In addition to estimates within our self-insured retention layers, we also must
make judgments concerning our aggregate coverage limits. From 1999 to present,
we carried excess coverage in amounts that have ranged from $15.0 million to
$49.0 million in addition to our primary insurance coverage, although for the
period from July through November 2002, our aggregate coverage limit was $2.0
million because of a fraudulently issued binder for our excess coverage. If any
claim occurrence were to exceed our aggregate coverage limits, we would have to
accrue for the excess amount, and our critical estimates include evaluating
whether a claim may exceed such limits and, if so, by how much. Currently, we
are not aware of any such claims. If one or more claims from this period were to
exceed the then effective coverage limits, our financial condition and results
of operations could be materially and adversely affected.

Lease Accounting and Off-Balance Sheet Transactions - Operating leases have been
an important source of financing for our revenue equipment, computer equipment
and company airplane. We lease a significant portion of our tractor and trailer
fleet using operating leases. In connection with the leases of a majority of the
value of the equipment we finance with operating leases, we issued residual
value guarantees, which provide that if we do not purchase the leased equipment
from the lessor at the end of the lease term, then we are liable to the lessor
for an amount equal to the shortage (if any) between the proceeds from the sale
of the equipment and an agreed value. As of June 30, 2004, the maximum amount of
the residual value guarantees was approximately $47.8 million. To the extent the
expected value at the lease termination date is lower than the residual value
guarantee, we would accrue for the difference over the remaining lease term. We
believe that proceeds from the sale of equipment under operating leases would
exceed the payment obligation on all operating leases. The estimated values at
lease termination involve management judgments. As leases are entered into,
determination as to the classification as an operating or capital lease involves
management judgments on residual values and useful lives.

Accounting for Income Taxes - In this area, we make important judgments
concerning a variety of factors, including, the appropriateness of tax
strategies, expected future tax consequences based on future company
performance, and to the extent tax strategies are challenged by taxing
authorities, our likelihood of success. The Company utilizes certain income tax
planning strategies to reduce its overall cost of income taxes. These strategies
have been examined by the IRS in an audit of our 2001 and 2002 income tax
returns. It is possible that certain strategies might be disallowed resulting in
an increased liability for income taxes. We have received an IRS Notice of
Proposed Assessment, which asserts that three of our tax planning strategies
have been disallowed, and as a result, we have filed an appeal in the matter. We
have not yet been contacted by the IRS Appeals Division to schedule a hearing to
resolve this issue. In April 2004, we submitted a $5.0 million cash bond to the
Internal Revenue Service to mitigate any future interest expense. We have
accrued amounts that we believe are appropriate given our expectations
concerning the ultimate resolution of the strategies. Significant management
judgments are involved in assessing the likelihood of sustaining the strategies
and in determining the likely range of defense and settlement costs.
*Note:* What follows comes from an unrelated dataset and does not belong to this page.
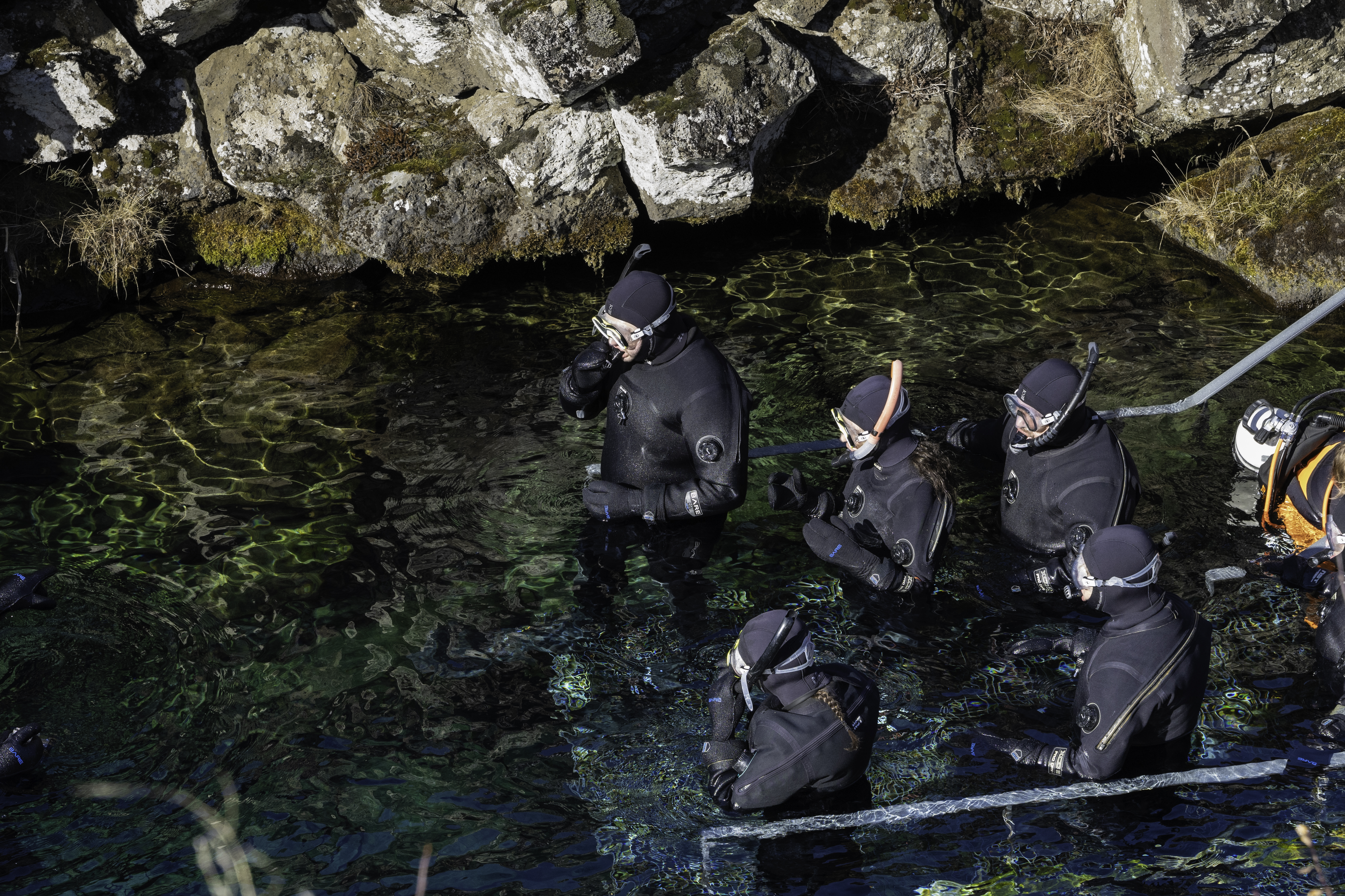 After Þingvellir, your adventure truly begins. Equipped with a dry suit, mask, snorkel, and fins, you’ll enter the crystal-clear waters of Silfra. Floating between two continents, you’ll snorkel in some of the clearest water on Earth—an exhilarating, once-in-a-lifetime experience in a truly surreal setting.

Deferred income taxes represent a substantial liability on our consolidated
balance sheet and are determined in accordance with SFAS No. 109, Accounting for
Income Taxes. Deferred tax assets (tax benefits expected to be

Page 21

realized in the future) and liabilities are recognized for the expected future
tax consequences attributable to differences between the financial statement
carrying amounts of existing assets and liabilities and their respective tax
bases, and operating loss and tax credit carry forwards. We evaluate our
deferred tax assets and liabilities on a periodic basis and adjust these
balances as appropriate. We believe that we have adequately provided for our
future tax consequences based upon current facts and circumstances and current
tax law. During the six months ended June 30, 2004, we made no material changes
in our assumptions regarding the determination of deferred income taxes.
However, should these tax positions be challenged and not prevail, different
outcomes could result and have a significant impact on the amounts reported
through our Consolidated Statement of Operations.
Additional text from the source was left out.